Metabarcoding workflow for 18S amplicon sequencing

The 18S region contains many different regions to pick from for metabarcoding. The Ecosystem team at GMGI has optimized the 18S SSU set (18S-SSU-F04, 18S-SSU-R22) and the 18S-v8v9 set (18S-1422F, 18S-1797R). Due to better species coverage, the GMGI Ecosystem Team has switched over to using the v8v9 region for 18S.

Citations:
- 18S-SSU-F04, 18S-SSU-R22 [Blaxter et al. 1998/Fonseca et al. 2010]
- 18S-1422F, 18S-1797R [Bradley et al. 2016]

Analysis workflow:
1. Assess quality of fastq files using FASTQC and MultiQC
2. Identify sequencing outliers and sub-sample if needed
3. Run nf-core/ampliseq to remove adapters, predict ASVs, assign taxonomy, and generate counts tables

Project set-up

Typical project folder structure (once analysis is run) for Fisheries team. Create scripts, results (for ampliseq output), fastqc, and metadata.
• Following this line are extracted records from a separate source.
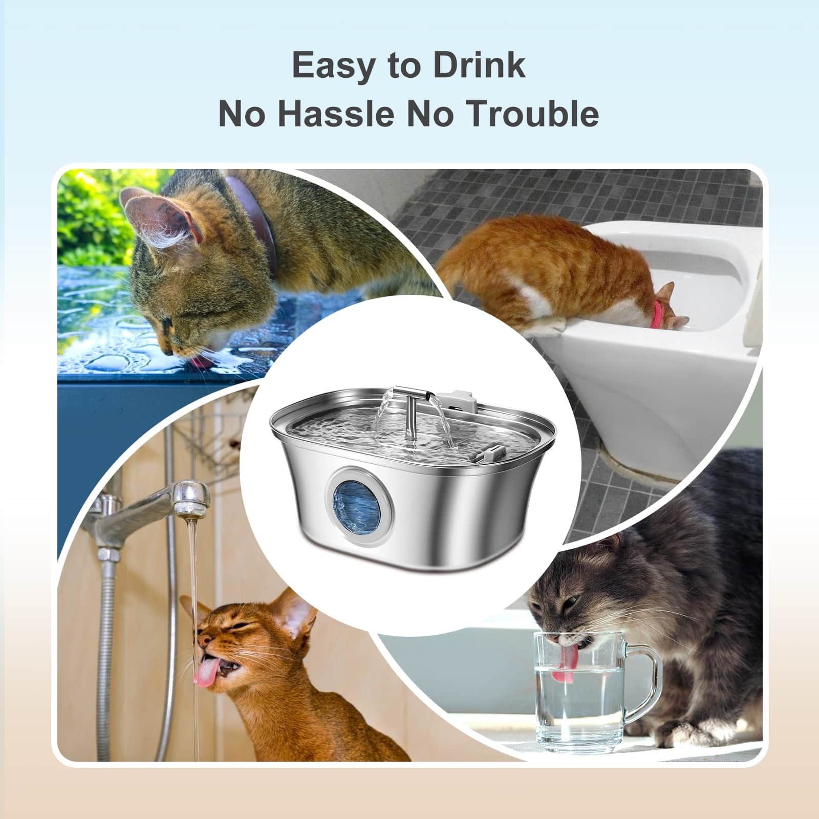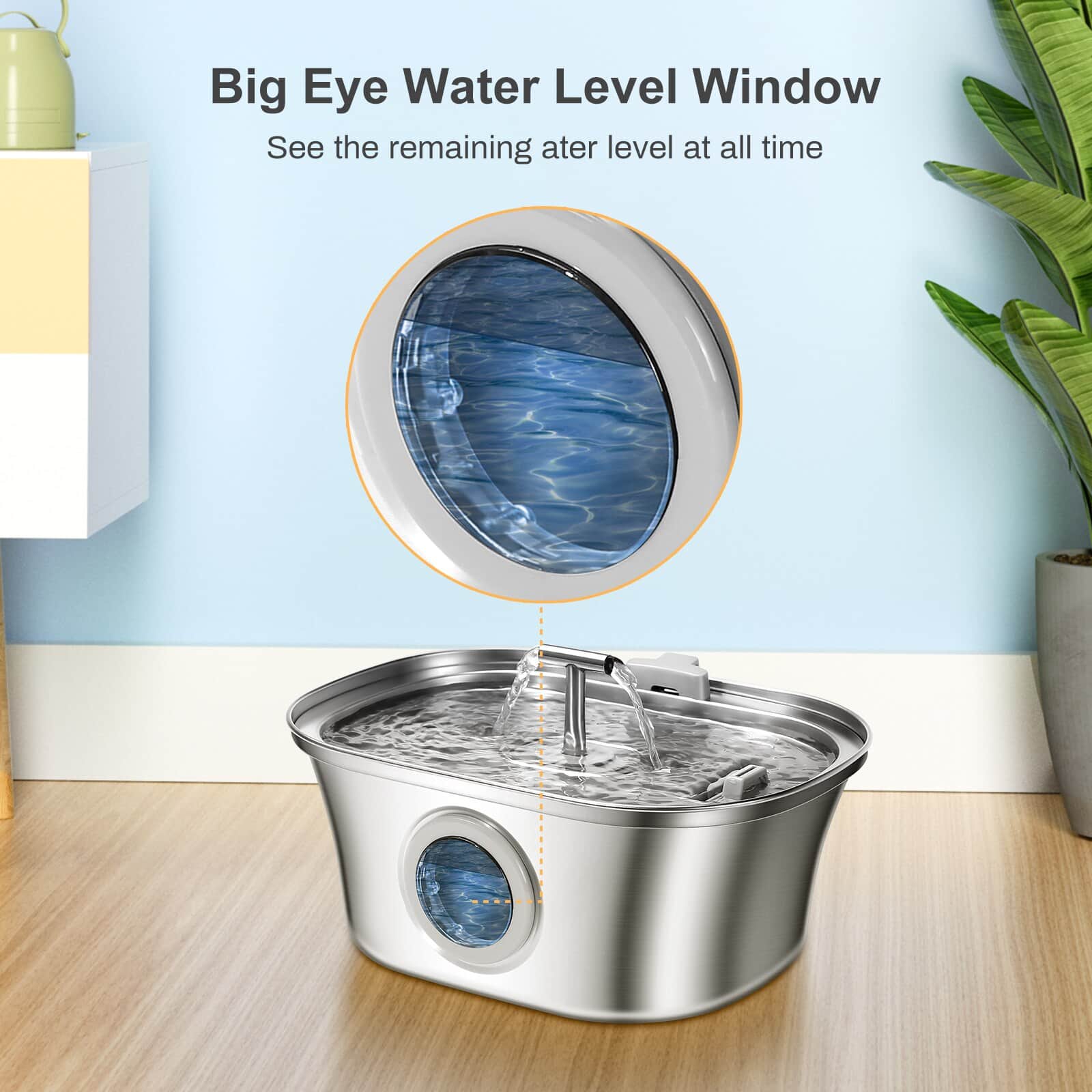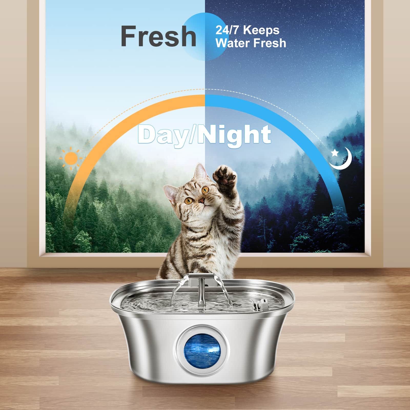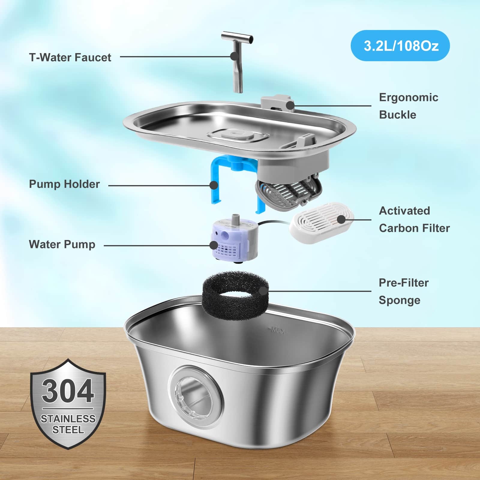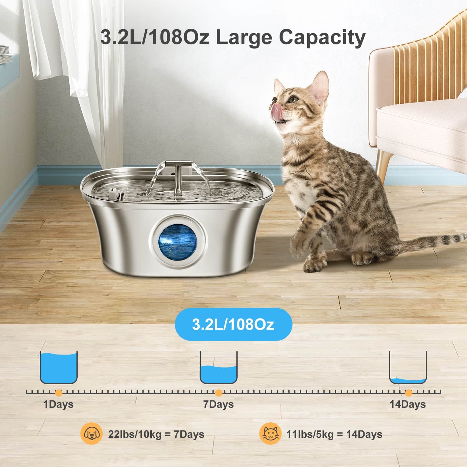 Stainless steel fountain with dual outlets that continuously circulate and aerate water, keeping it fresher than stagnant bowls. Movement attracts cats who ignore still water, increasing daily hydration to reduce kidney disease risk. 20dB ultra-quiet 1.5W pump suitable for bedroom placement without disturbing sleep. Pirate ship window lets you check water level without opening lid or interrupting drinking pets. 3.2L (108oz) capacity provides 7-14 days of water depending on pet size. 304 food-grade steel resists scratches that harbor bacteria, preventing chin acne. Corrosion-resistant, easy-clean design with removable components.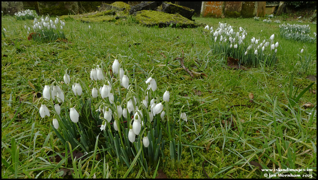Patches of snowdrops in the graveyard.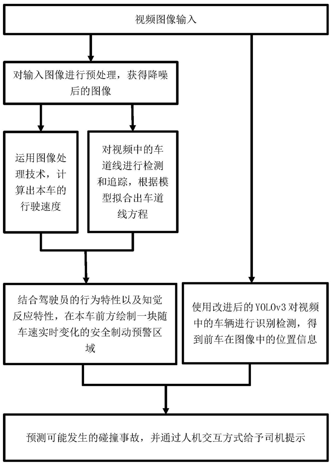 4.一种基于深度学习的车辆防碰撞预警系统,其特征在于,所述系统采用权利要求1所述的基于深度学习的车辆防碰撞预警方法,包括图像获取和预处理模块、多线程并行运算模块、车速检测模块、车道线检测模块、安全制动区绘制模块、车辆识别检测模块、碰撞预警模块,其特征在于,所述车速检测模块,运用图像处理技术,对连续多张图像进行分析,计算出当前车辆的行驶速度,与驾驶员的行为特性以及知觉反应特性相结合,得到车辆以该速度行驶时的紧急制动距离;所述车道线检测模块,运用边缘检测算法和霍夫直线检测算法得到车道线点的集合,将其拟合为最优的两条直线,并不断更新这些点的集合,对车道线进行追踪;所述安全制动区绘制模块,对图像中的像素距离和实际距离进行方程拟合,结合车道线检测结果和计算出的车辆紧急制动距离,在车辆前方绘制一块根据车速变化的安全区域,并在图像上进行可视化展示;所述车辆识别检测模块,使用改进后的YOLOv3算法,对视频中的车辆进行识别和检测,得到车辆在图像中的位置信息,并将结果保存在车辆信息队列中;所述碰撞预警模块,遍历车辆信息队列,结合绘制的安全制动区,对可能发生的交通碰撞事件进行预测。

E.g., mkdir results.

fastqc  metadata  multiqc_raw_data  multiqc_raw.html  raw_data  results  scripts

Create/edit a slurm script: nano name.sh
View a file without editing: less name.sh
Start an interactive node: srun --pty bash

Confirm conda environment is available

The conda environment is started within each slurm script, but to activate conda environment outside of the slurm script to update packages or check what is installed:

# Activate conda
source /projects/gmgi/miniconda3/bin/activate

# Activate fisheries eDNA conda environment 
conda activate fisheries_eDNA

# List all available environments 
conda env list 

# List all packages installed in fisheries_eDNA
conda list 

# Update a package
conda update [package name]

# Update nextflow ampliseq workflow 
nextflow pull nf-core/ampliseq

Assess quality of raw data

Background information on FASTQC. This should take ~10 seconds per file for a typical full MiSeq run. If <2 seconds, then check output/error files.
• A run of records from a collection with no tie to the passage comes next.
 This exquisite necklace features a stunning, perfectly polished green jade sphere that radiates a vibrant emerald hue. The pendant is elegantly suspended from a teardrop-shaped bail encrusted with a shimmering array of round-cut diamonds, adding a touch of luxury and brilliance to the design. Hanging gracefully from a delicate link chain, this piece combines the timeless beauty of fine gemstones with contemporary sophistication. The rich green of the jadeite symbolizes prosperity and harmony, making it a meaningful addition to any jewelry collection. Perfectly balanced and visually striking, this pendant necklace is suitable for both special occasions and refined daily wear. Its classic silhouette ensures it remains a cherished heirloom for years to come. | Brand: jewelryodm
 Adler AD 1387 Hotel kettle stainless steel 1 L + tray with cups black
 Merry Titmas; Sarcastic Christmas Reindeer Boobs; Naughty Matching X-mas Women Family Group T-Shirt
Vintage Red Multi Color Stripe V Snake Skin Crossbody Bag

Create slurm script: nano 01-fastqc.sh. Copy below script into file and save (Ctrl+X; Y; Enter).

#!/bin/bash
#SBATCH --error=output/fastqc_output/"%x_error.%j" #if your job fails, the error report will be put in this file
#SBATCH --output=output/fastqc_output/"%x_output.%j" #once your job is completed, any final job report comments will be put in this file
#SBATCH --partition=short
#SBATCH --nodes=1
#SBATCH --time=20:00:00
#SBATCH --job-name=fastqc
#SBATCH --mem=3GB
#SBATCH --ntasks=1
#SBATCH --cpus-per-task=2

### USER TO-DO ### 
## 1. Set paths for your project

# Activate conda environment
source /projects/gmgi/miniconda3/bin/activate fisheries_eDNA

## SET PATHS (USER EDITS)
raw_path="/projects/gmgi/example/18S/raw_data"
out_dir="/projects/gmgi/example/18S/fastqc"
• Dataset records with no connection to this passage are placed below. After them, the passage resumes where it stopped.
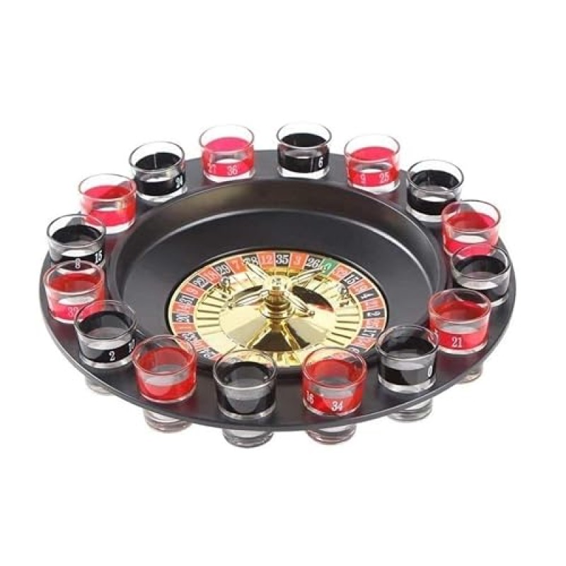 Bring the thrill of the casino to your stag do with the eBoutik Shot Roulette Drinking Game Set. This lively game combines classic roulette excitement with shot-drinking fun, making it a perfect icebreaker that gets everyone laughing and joining in. Featuring 16 numbered shot glasses coloured in black and red, plus two metal balls for an authentic spinning roulette wheel experience, it’s designed to add a cheeky edge to your celebration. Easy to set up and quick to get started, the compact design means it won’t hog your space and is simple to transport to wherever the party’s at. Whether you’re kicking off the evening or keeping the energy up between activities, this game effortlessly elevates group fun. Crafted from sturdy materials, it’s built to survive plenty of spirited rounds. Just spin the wheel, watch where the ball lands, and down your shot—simple, social, and seriously good fun.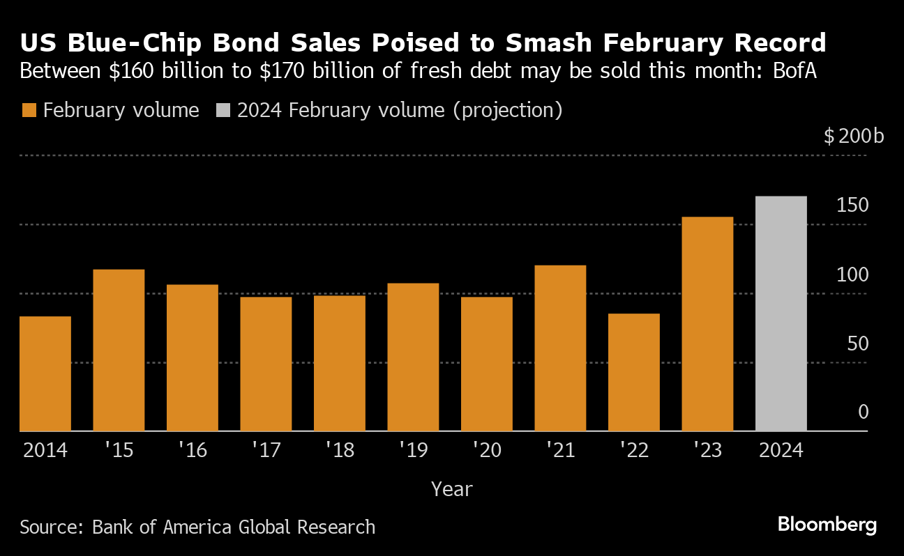 BofA expects companies to sell $160 billion to $170 billion of high-grade bonds this month, the most for any February on record. That would pile atop January's nearly $190 billion deluge of fresh notes, especially as major firms line up for financing after posting their latest earnings.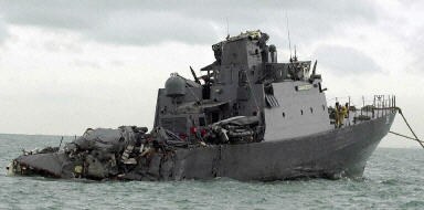 中新網(wǎng)1月4日電 一艘新加坡海軍軍艦“英勇號(hào)”,昨晚11時(shí)35分在距離白礁島西北0.8公里處,遭一艘荷蘭注冊(cè)的箱運(yùn)船擊撞,導(dǎo)致8人受傷,4名女兵仍受困軍艦內(nèi)。

## CREATE SAMPLE LIST FOR SLURM ARRAY
### 1. Create list of all .gz files in raw data path
ls -d ${raw_path}/*.gz > ${raw_path}/rawdata

### 2. Create a list of filenames based on that list created in step 1
mapfile -t FILENAMES < ${raw_path}/rawdata

### 3. Create variable i that will assign each row of FILENAMES to a task ID
i=${FILENAMES[$SLURM_ARRAY_TASK_ID]}

## RUN FASTQC PROGRAM 
fastqc ${i} --outdir ${out_dir}

To run:
- Start slurm array (e.g., with 138 files) = sbatch --array=0-137 01-fastqc.sh. Note that this starts with file 0.

Count the number of files by navigating to raw data folder and using ls *.gz | wc. The first column is the number of rows in the generated list (files).

Notes:

This is going to output many error and output files. After job completes, navigate to cd scripts/output/fastqc_output and use cat *output.* > ../fastqc_output.txt to create one file with all the output and cat *error.* > ../fastqc_error.txt to create one file with all of the error message outputs.
Within the out_dir output folder, use ls *html | wc to count the number of html output files (1st/2nd column values). This should be equal to the --array range used and the number of raw data files. If not, the script missed some input files so address this before moving on.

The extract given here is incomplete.